Let’s be honest—most of us still make big choices the old-school way: a pros-and-cons list scribbled on the back of an envelope, a coin flip, or the ever-reliable “gut feeling.” What if you could swap that chaos for a basic decision matrix that takes five minutes to set up and instantly shows you the best option? That’s exactly what StaMatrix does—no spreadsheets, no math degree, just a friendly web page that builds your matrix for you.
Because your brain is lying to you.
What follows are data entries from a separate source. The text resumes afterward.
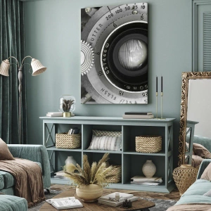 Canvastavlan "En berättelse om Hollywood" är en hyllning till klassisk fotografi och dess tidlösa charm. Den avbildar en närbild av linsen på en gammal kamera, vilket framhäver detaljerna och mekaniken hos denna unika enhet. Bildens monokromatiska ton ger elegans och betonar dess retrokaraktär.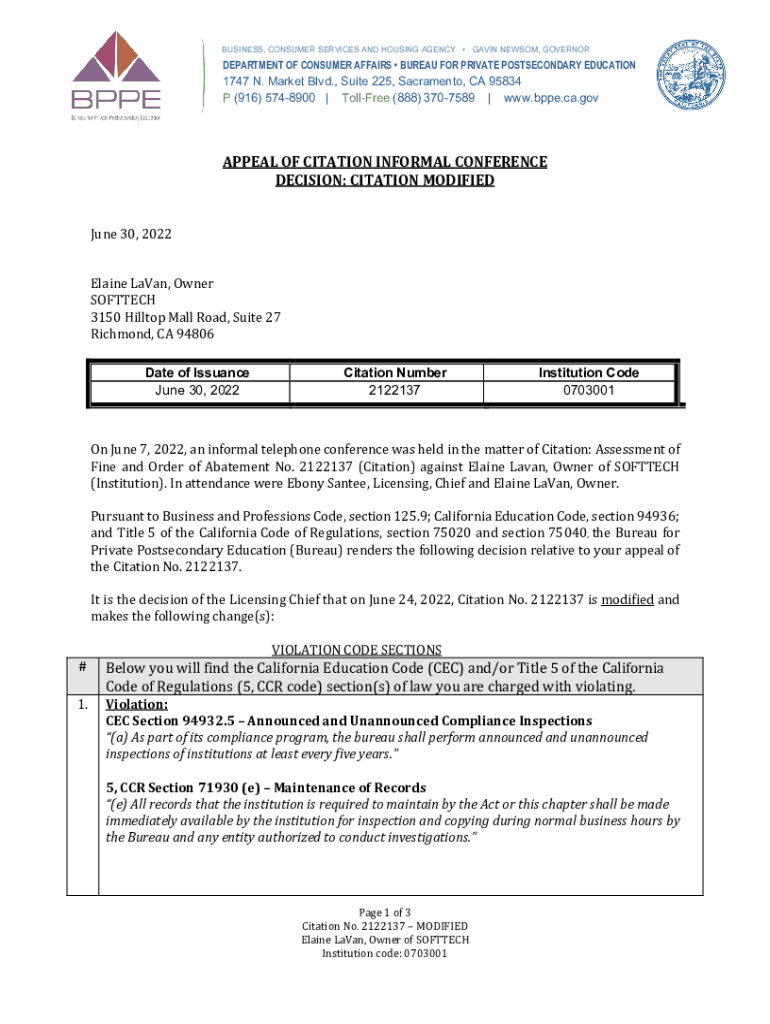 Get the free Bureau for Private Postsecondary Education - Softtech - Appeal of Citation Informal ...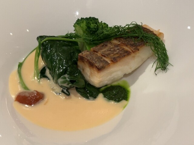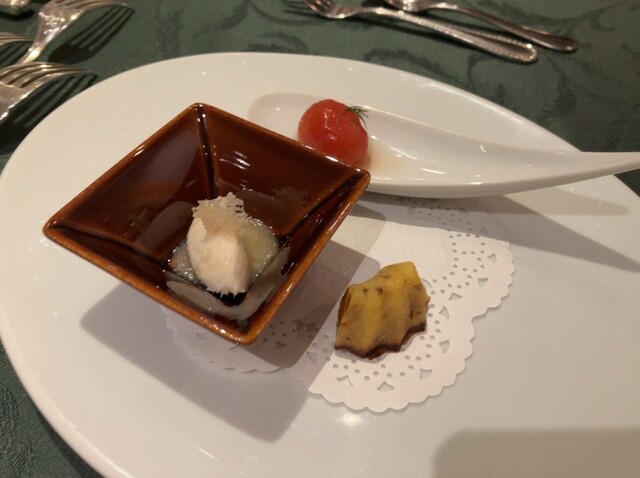 お一人様予約でランチコース、魚料理+肉料理を合わせたセット。 最初の一品はアミューズでケークサレとアンチョビのような小品、ワインは好みを事前に伝えてあったので、グラスの白ワイン、BERGER BARON(お代わりの赤ワインもこれでした) 料理と合わせるにはお手頃かなと思います。グラスで1000円ですし。 お料理の説明は丁寧に一通りしてくれまして(全部は覚えてなくてすみません) どの... 詳細を見る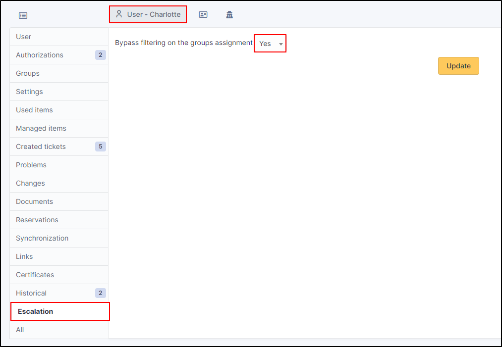 This option can be useful, but it requires all groups to be set up. If, for example, the technician N1 group can escalate tickets to the technician N2 group, you need to ensure that the technician N2 group can escalate tickets to the technician N3 group and also to the N1 group, so that a ticket can be escalated if necessary.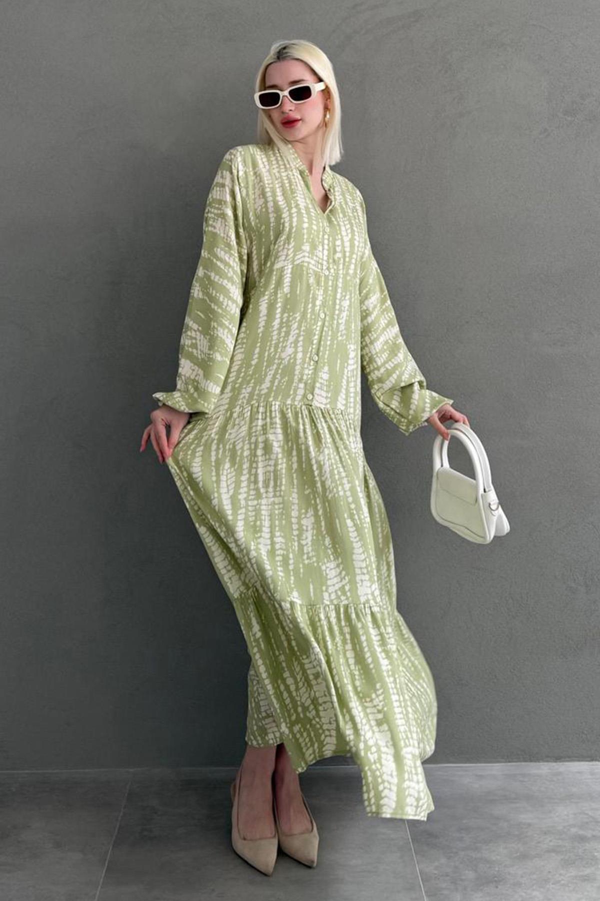 Madmext Yeşil Desenli Önü Düğmeli Uzun Kollu Elbise MG2398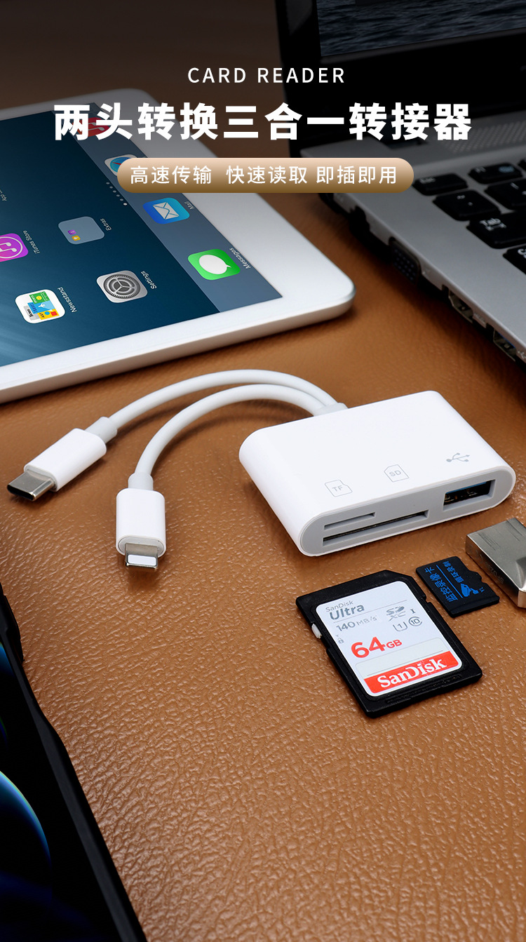 多合一 读卡器 sd卡 读卡器三合一 适用苹果17 16 15 14 13 12 11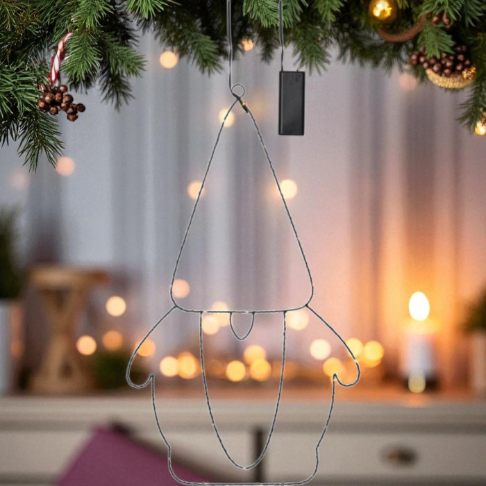 De kabouter bestaat uit een stevige zwarte frame met daarin 30 LED lampjes verwerkt. Als de LED lampjes branden geven ze warm wit licht.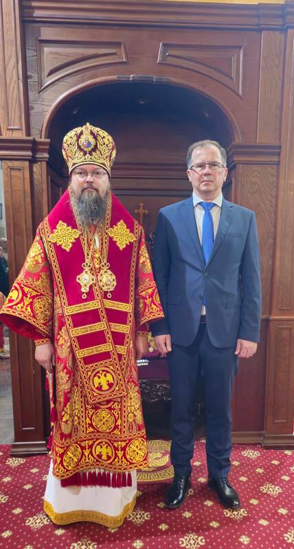 За праздничным богослужением молился генеральный консул Российской Федерации в городе Уральске, Грубый Алексей Валентинович.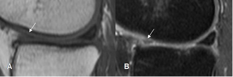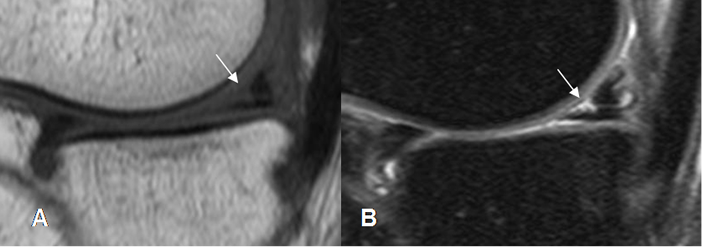 A: RM sagital en T1 y B: RM sagital en STIR. Imagen en sentido oblicuo, que se comunica con la superficie articular inferior, por ruptura meniscal.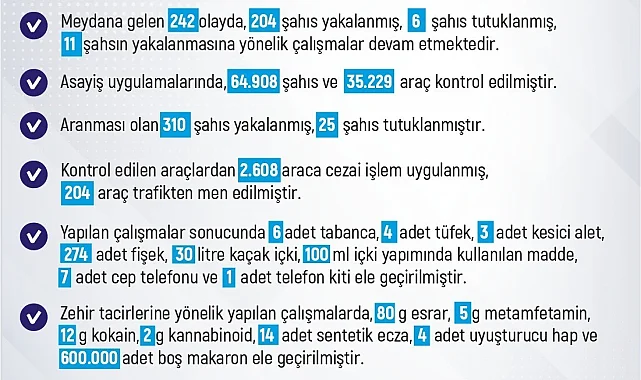 Yapılan çalışmalar sonucunda 6 adet tabanca, 4 adet tüfek, 3 adet kesici alet, 274 adet fişek, 30 litre kaçak içki, 100 milimetre içki yapımında kullanılan madde, 7 adet cep telefonu ve 1 adet telefon kiti ele geçirildi. Zehir tacirlerine yönelik yapılan çalışmalarda ise 80 gram esrar, 5 gram metamfetamin, 12 gram kokain, 2 gram kannabinoid, 14 adet sentetik ecza4 adet uyuşturucu hap ve 600 bin adet boş makaron ele geçirildi.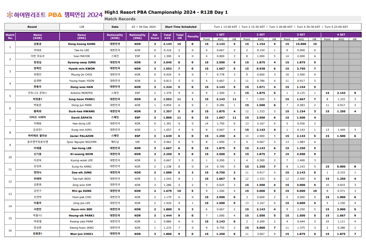 1. 하이원리조트 PBA 챔피언십128강 경기결과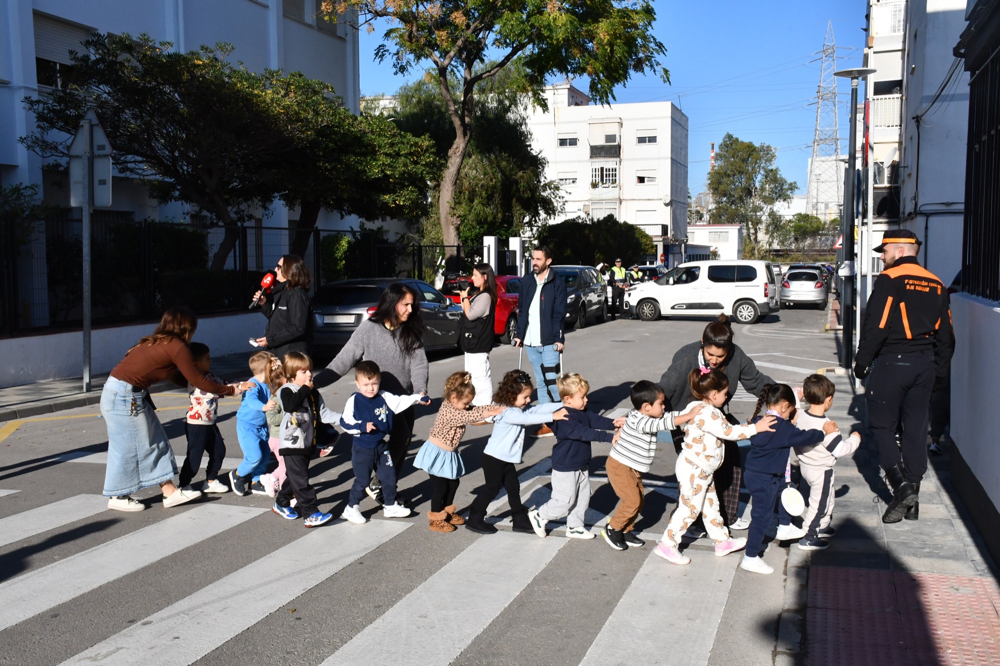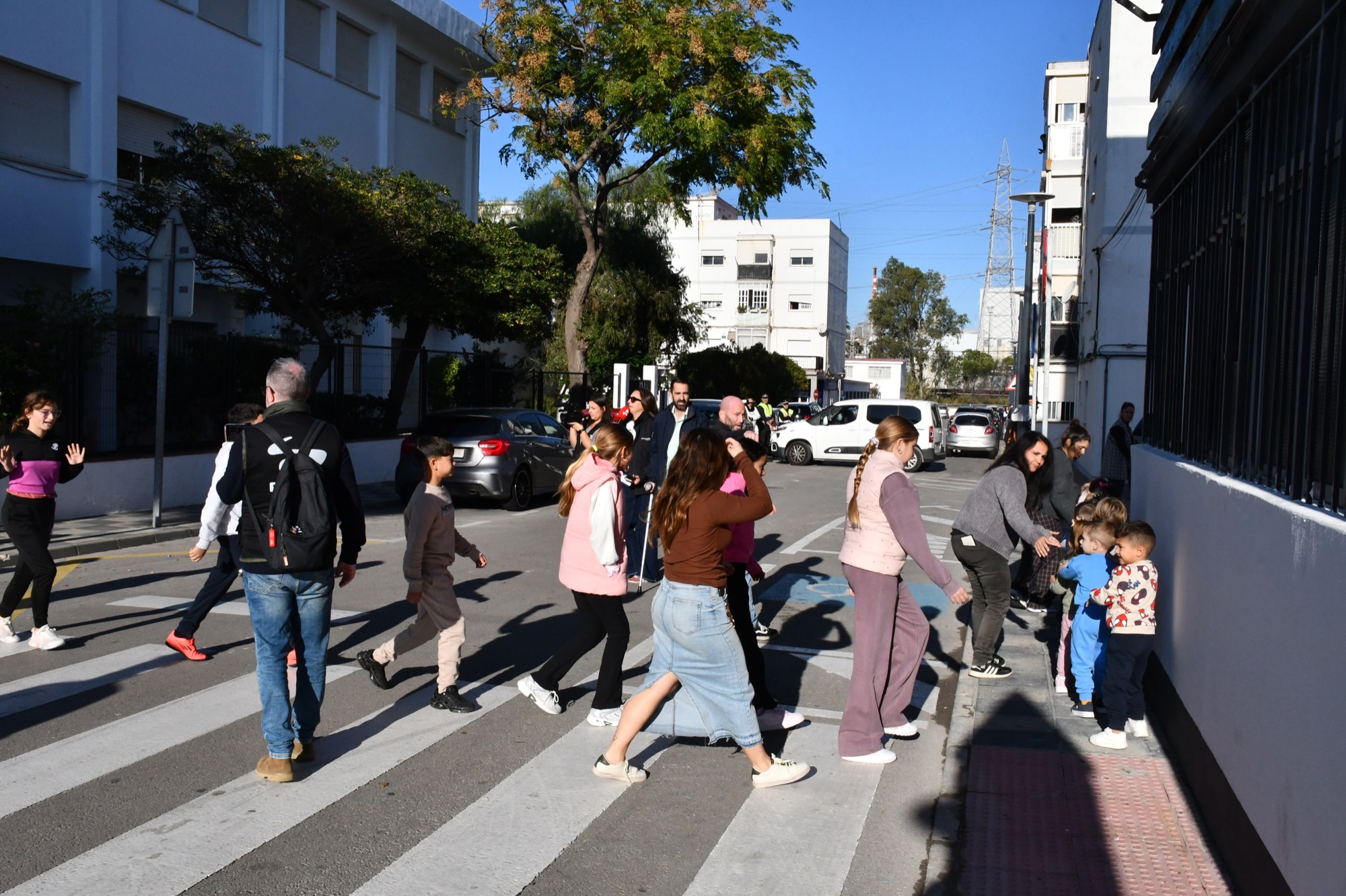Policía Local y Vigilantes cortaron el tráfico de las calles de entrada a los centros educativos para facilitar las evacuaciones. En el caso de Puente Mayorga, el punto de reunión se ubicó en la zona de la barriada de Nazaret junto al Kiosco Botella, mientras que en Campamento se situaba en unos aparcamientos cercanos. En un caso real, unos autobuses deberían haber recogido a niños y niñas para llevarlos a la zona segura, situada en la rotonda de los misiles, frente al acceso al Acuartelamiento Cortijo Buenavista. Pasados unos minutos se dio la orden de volver a las aulas, operación que se realizó con total eficacia.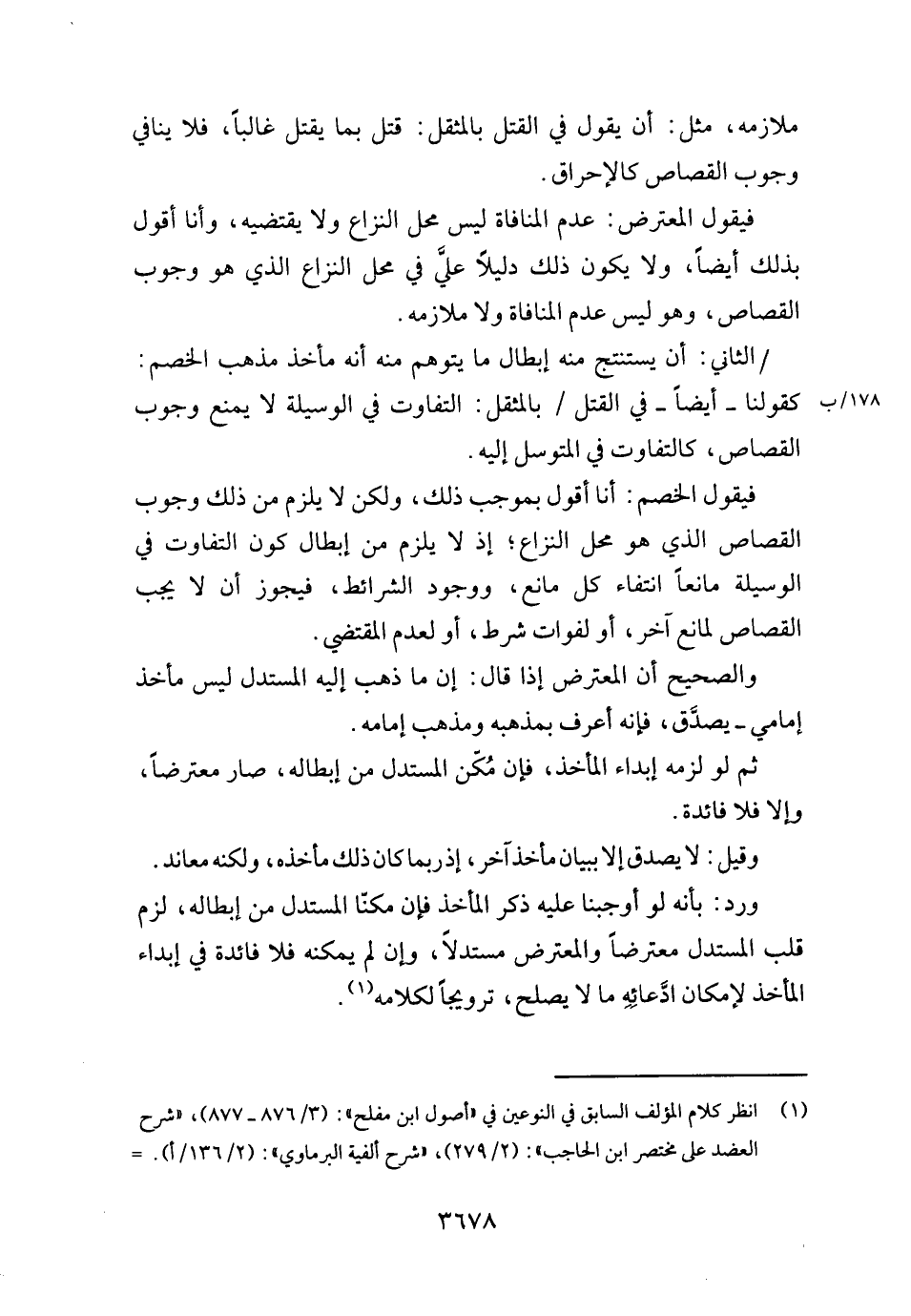 ورد: بِأَنَّهُ لَو أَوجَبْنَا عَلَيْهِ ذكر المأخذ فَإِن مكنا الْمُسْتَدلّ من إِبْطَاله، لزم قلب الْمُسْتَدلّ مُعْتَرضًا والمعترض مستدلا، وَإِن لم يُمكنهُ فَلَا فَائِدَة فِي إبداء المأخذ لِإِمْكَان ادعائه مَا لَا يصلح، ترويجا لكَلَامه.

We over-value recent information, we’re suckers for shiny features, and we conveniently forget half the stuff we cared about yesterday. A basic decision matrix forces you to list every factor that matters, give it a honest importance score, and then rate each alternative. Suddenly the winner stops being the loudest commercial and starts being the option that actually ticks your boxes.
Imagine you’re choosing between dropshipping stickers, walking dogs, and tutoring math. You care about start-up cost, fun level, and free-time left for Netflix. StaMatrix spins up a basic decision matrix with those criteria pre-loaded. You drag “fun level” to 40 %, “start-up cost” to 35 %, “Netflix time” to 25 %. Then you score each gig: tutoring gets 9/10 on fun but only 4/10 on free-time, dog walking nails the free-time score, dropshipping tanks on start-up cost. The math happens behind the curtain—tutoring wins. No arguments, no “maybe-I-should-sleep-on-it” loops.
Relax. The sliders are just fancy words: “meh,” “kinda important,” “super important.” If you can order pizza toppings, you can rank criteria. StaMatrix keeps the basic decision matrix truly basic—no Greek letters, no regression analysis, no panic.
Yup. One click copies a tidy link you can drop in the group chat, the family WhatsApp, or your boss’s inbox. Everybody sees the same numbers, so the meeting ends early and you can all go get tacos.
Head to the StaMatrix homepage, type your dilemma, and let the robots do the heavy lifting. Whether it’s choosing a vacation, a vendor, a vet, or a video-game console, the basic decision matrix turns “I dunno” into “Let’s go with option B—look at that score!” Give it a spin; your future, less-stressed self will high-five you.